Collection comprises 251 silver bromide black-and-white photographic prints taken by David Goldblatt in South Africa during the late 1960s. Accompanying the photographs are also three 16 mm films, Soweto, On the Mines, and Some Afrikaners, created in 1976 from his still images; DVD viewing copies are available for these films. Goldblatt captured these images of gold miners and Afrikaaner people in different regions of South Africa, traveling from his hometown west of Johannesburg to the Western Cape province and the Karoo.
The photographs in this collection were published in Goldblatt's first two books: On The Mines (1973, with Nadine Gordimer) and Some Afrikaners Photographed (1975).
The On the Mines series features images from the late 1960s of both white and black South African gold miners, in groups and individually, both inside and outside the mines. The images in the Some Afrikaners series, shot from 1961 to 1968, depict the everyday life of the white South Africans known as Afrikaners, and the environment in which they lived. Subjects include school, recreation, mealtimes, buildings, decorum and dress; there are group pictures as well as individual portraits.

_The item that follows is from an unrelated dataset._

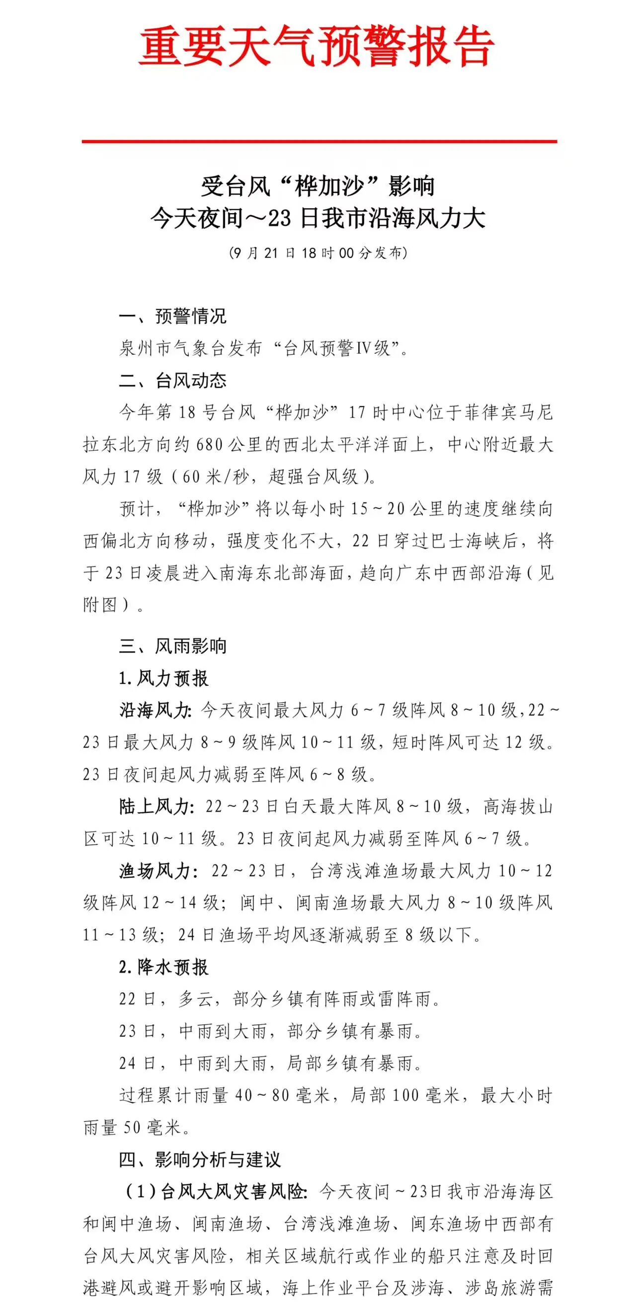 今年第18号台风“桦加沙”今日17时中心位于菲律宾马尼拉东北方向约680公里的洋面上,中心附近最大风力17级,预计“桦加沙”将以每小时15~20公里的速度向西偏北方向移动,22日凌晨进入我省台风警戒区,并于24日凌晨至下午在广东沿海登陆,登陆时强度可达强台风级或超强台风级。市气象台9月21日18时发布“台风预警IV级”,根据《泉州市防汛防台风抗旱应急预案》有关规定,市防指决定9月21日18时启动防台风IV级应急响应。请各成员单位和各县(市、区)防指密切关注台风后续发展趋势,强化指挥调度,扎实做好台风防范应对工作。

Print sizes vary: there are 8x10 inch prints; uncropped work prints of custom sizes and shapes on paper no larger than approximately 12 1/2 x 12 1/2 inches; and prints mounted on 12 1/2 x 13 inch tan mat boards. Most have notes with printing instructions, with occasional captions on backs of prints or beneath prints on mat boards. Acquired as part of the Archive of Documentary Arts at Duke University.

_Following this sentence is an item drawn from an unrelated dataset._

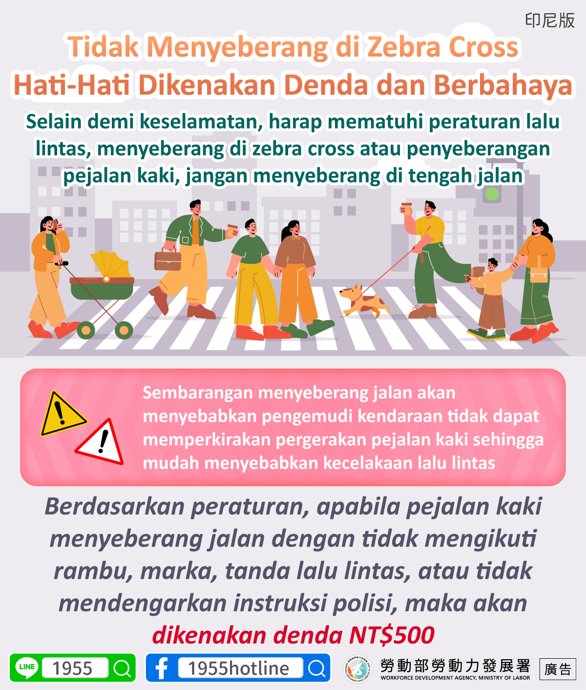Selain demi keselamatan, harap mematuhi peraturan lalu lintas, menyeberang di zebra cross atau penyeberangan pejalan kaki, jangan menyeberang di tengah jalan

David Goldblatt was born November 29, 1930 in the South African city Randfontein of the province Gauteng. His photographic career began at age eighteen when he began taking pictures. With parents and grandparents who fled Lithuania around 1890 to escape from religious persecution against Jews, Goldblatt found himself simultaneously a part of white society that saw itself as superior, and an object of racial and religious oppression; this may explain in part the subjects of his images, which explore and document the complexities of a particular historical moment in South Africa. Goldblatt was drawn to the gold mines near his hometown, where he roamed as a child, and photographed these sites and the workers in black-and-white. In the 1990s he began to shoot in color to a greater extent, also including a few of his 1960s color photographs in his 2012 redesigned edition of On the Mines).
Besides contributing to many photographic exhibitions, Goldblatt has published many books and has produced films created from his still images. He has been recognized for his achievements in documenting South African life and society with the Hasselblad Award in 2006, the Cartier-Bresson Award in 2009, and the 2013 Lifetime Achievement Award from the International Center for Photography.